71461.78766723892 {'sgdregressor__alpha': 0.001, 'sgdregressor__average': True, 'sgdregressor__max_iter': 30, 'sgdregressor__random_state': 0, 'sgdregressor__shuffle': True, 'sgdregressor__validation_fraction': 0.05}
70955.48822156455 {'sgdregressor__alpha': 0.001, 'sgdregressor__average': True, 'sgdregressor__max_iter': 30, 'sgdregressor__random_state': 4294967295, 'sgdregressor__shuffle': True, 'sgdregressor__validation_fraction': 0.05}
71461.78766723892 {'sgdregressor__alpha': 0.001, 'sgdregressor__average': True, 'sgdregressor__max_iter': 1000, 'sgdregressor__random_state': 0, 'sgdregressor__shuffle': True, 'sgdregressor__validation_fraction': 0.05}
70955.48822156455 {'sgdregressor__alpha': 0.001, 'sgdregressor__average': True, 'sgdregressor__max_iter': 1000, 'sgdregressor__random_state': 4294967295, 'sgdregressor__shuffle': True, 'sgdregressor__validation_fraction': 0.05}
71461.78766723892 {'sgdregressor__alpha': 0.001, 'sgdregressor__average': True, 'sgdregressor__max_iter': 2000

In [None]:
# I think the random forest model is better fitted to the data than the stochastic gradient model.

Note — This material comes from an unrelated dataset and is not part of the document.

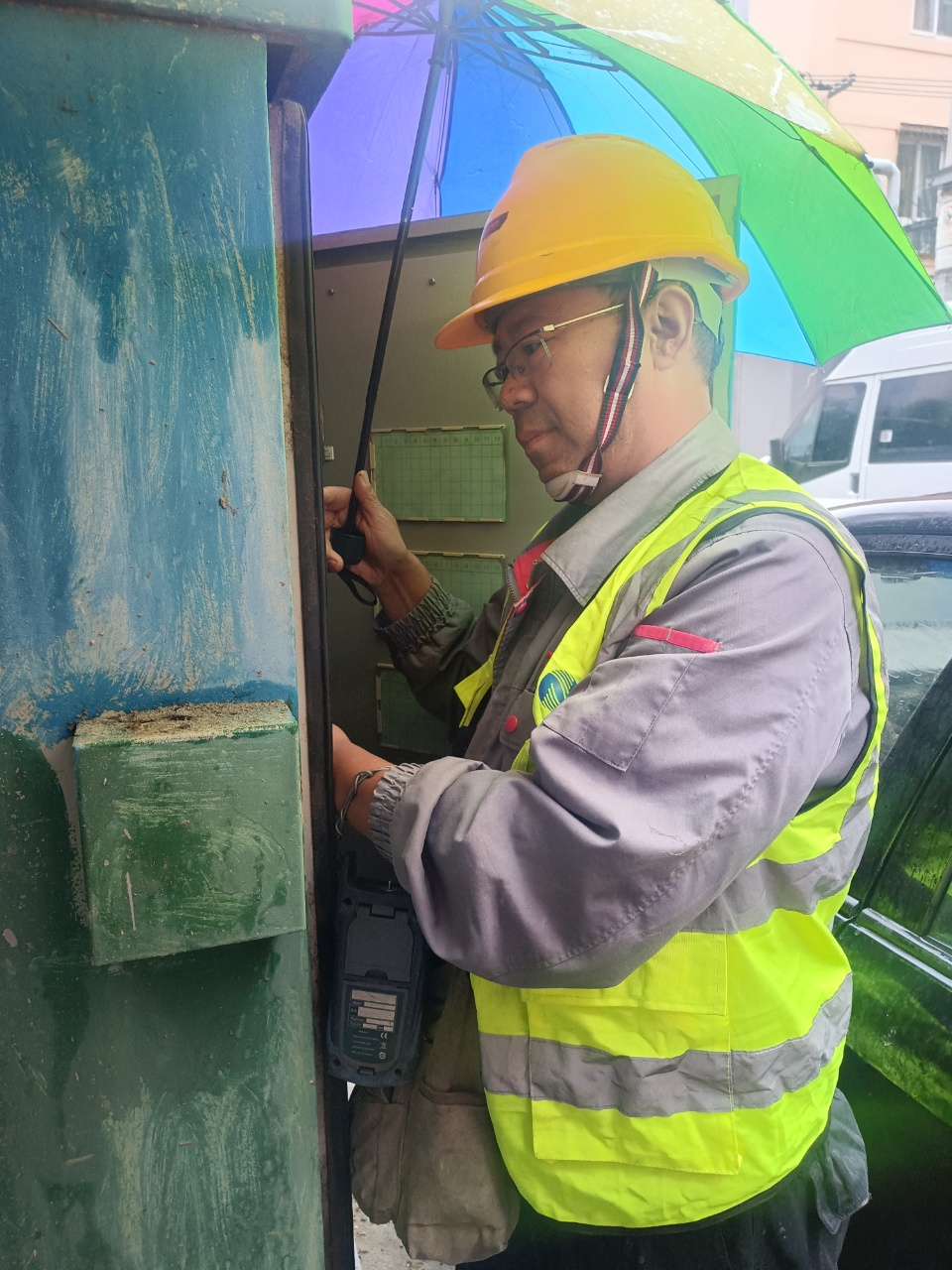 國慶假期,濟(jì)南市中區(qū)分公司莊緒文冒雨搶修民族大街9號(hào)院信號(hào)低故障。

#Actual results form the SDG model for train and test data was overfitting. The test data had a higher rmse score than the train data
# After validation, the test data reduced significantly.

# Howerver, for the random forest model both train and test were similar for actual and after cross validation.